Herceptin More Than 2 Years?
 
Any on this forum who have been taking Herceptin more than 2 years? Have you experienced any adverse side effects? Have any of you long term Herceptin users changed receptor status?

Valerie in Michigan

Joe 12-18-2008 08:31 PM

Valerie,
The length of time that a patient receives Herceptin is based on staging. If you are stage I or II then the accepted protocol is 1 year anthough some oncologists may prefer the protocol used in the HERA trials - 2 years.

Many patients who are Stage III & IV have been on Herceptin for more than 2 years.

Christine had been on it for almost 9 years. There are really no known long term side effects to Herceptin although some patients may see a gradual decline in their heart's ejection factor. This is usually treated by discontinuing Herceptin for a period of time to enable the ejection factor to bounce back, but this is rare.

At San Antonio, Saturday night they showed a slide of a study that showed that 20% of bc patients change HER2 status. Either from + to - or from - to +. They did not differientiate.

Regards
Joe

Chelee 12-20-2008 11:40 PM

Bumping this up as I know there are lots of other her2 gals that have been on herceptin two yrs and longer. Must be the holidays keeping them busy. They ought to check in sometime soon. :)

Chelee

Sheila 12-21-2008 06:55 AM

I have started my 6th year of Herceptin recently....I am stage IV, still no problems and my muga 4 mos. ago was great.

mamacze 12-22-2008 09:30 PM

Hi Val - How long have you been on?
I have been on Herceptin since 2004, in March it will be 5 years for me. Side effects? Stiff joints, runny nose, nothing major. My cardiologist says as long as I exercise every day my heart should be fine and so far he is right. I am still NED so I don't have a visible tumor to test to see if Her2 reactivity has changed. How about you?
Love Kim from CT

ninicruce 01-09-2009 10:33 AM

I was so glad to s ee this post before Christmas, have been gone so am just now responding. I am starting my 3rd year on Herceptin and want to continu3. I have had a very slow ejection reduction and have had just alittle flu-like symtpoms the day or two after treatment. I had only known one other very pro-active survivor who was doing this and had thought maybe I was being too paranoid. This is my 2nd time to have BC( 1st- 1992 estronge postive, 2nd 2006- HR2. ) I was node negative this 2nd time, but after having this 2nd go thru am being very aggressisve, not to have again!! My Dr. is supportive, so I have felt good about this and luckily my insurance has continued to pay without protest. Has anyone had problems with insurance on this?

Valerie in Michigan 01-09-2009 11:28 AM

Hi Sheila,

Just wondering from reading your bio, did you only have superclavical node involvement and no organ mets? What is the current status of your SN?
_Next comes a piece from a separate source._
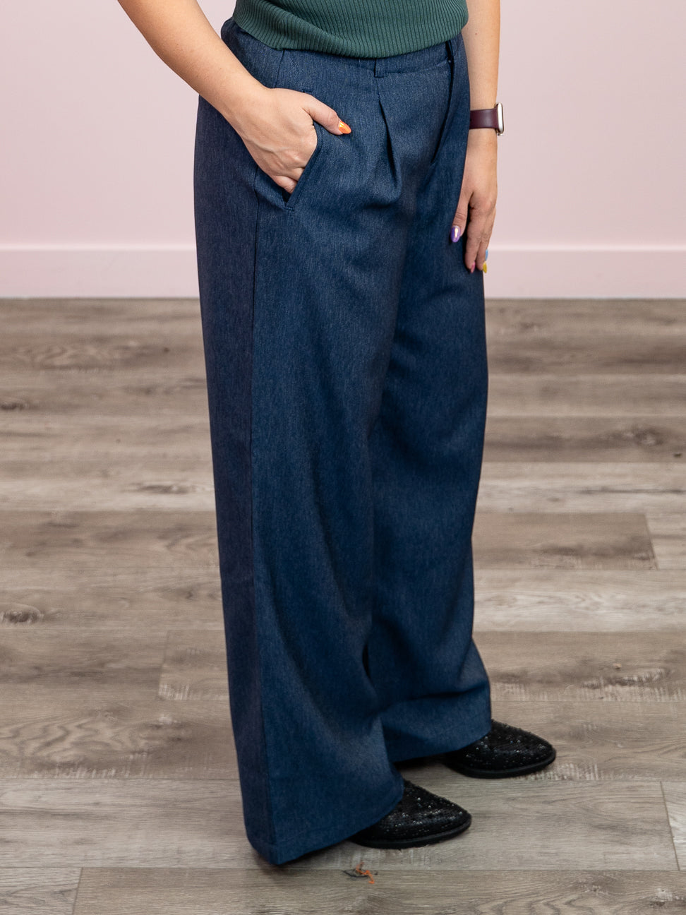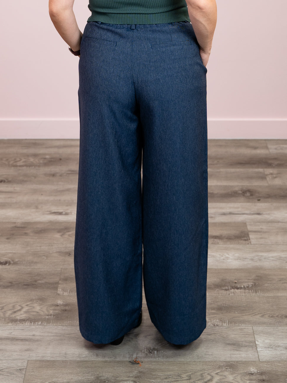DEX | Kian Belted Denim Effect Pant | Deep Indigo

Looks like you have taken Herceptin continuously since 9/03. Does your onc. intend to continue indefinitely? Do you still have your implant? Who is your onc. and hospital?

I am beginning my 3rd year on Herceptin. Was diagnosed with inflammatory breast cancer 1/07 and started TCH immediately and had a complete response. I was NED at the third cycle mark and completed 6 cycles total. Decided to postpone the surgery and radiation. Stopped Herceptin for 6 weeks then. When decision was made to proceed without surgery or radiation, my onc. convinced me to start back on Herceptin and todate he feels I should continue indefinitely. I am still NED, being scanned with US, MRI and PET/CT bi-monthly rotating. Each scan is better than the last, with even my scar tissue regressing. I have had my entire treatment at M.D. Anderson/IBC Clinic.
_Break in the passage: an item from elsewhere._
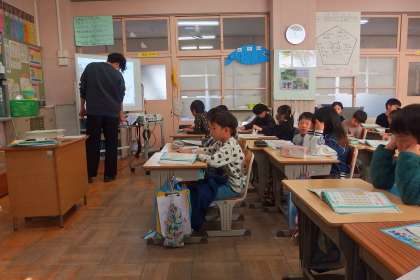 タブレットをプロジェクターに接続して授業の準備をしているところです。

So far my heart is functioning optimally, with no EF problems. I learned through a consult with one of the top cardiologists specializing in chemo toxicity that a blood marker test called a BNP can be done very frequently to monitor heart function problems, eliminating the need for more frequent mugas and cardiac ultrasounds. He also indicated that the muga was not as detailed regarding chemo related problems at the cardiac ultrasound.

My concerns long term lie with cardiac problems obviously, but also I am quite concerned that long term use might lead to Her2+ receptor status change to -. I have also been told by a leading oncologist that if Herceptin proved to be effective initially, then should I stop it and reoccur, that starting back on it again would have the same effectiveness.

I am uncertain as to how effective Herceptin continues to be the longer it is given? There are no tests to determine this. I do however feel certain my immune system is responding each time I get an infusion, particularly with respect to the 5% mouse antibody. This leads me to feel that eventually the body will find a way around it.

Would encourage other thoughts on this matter !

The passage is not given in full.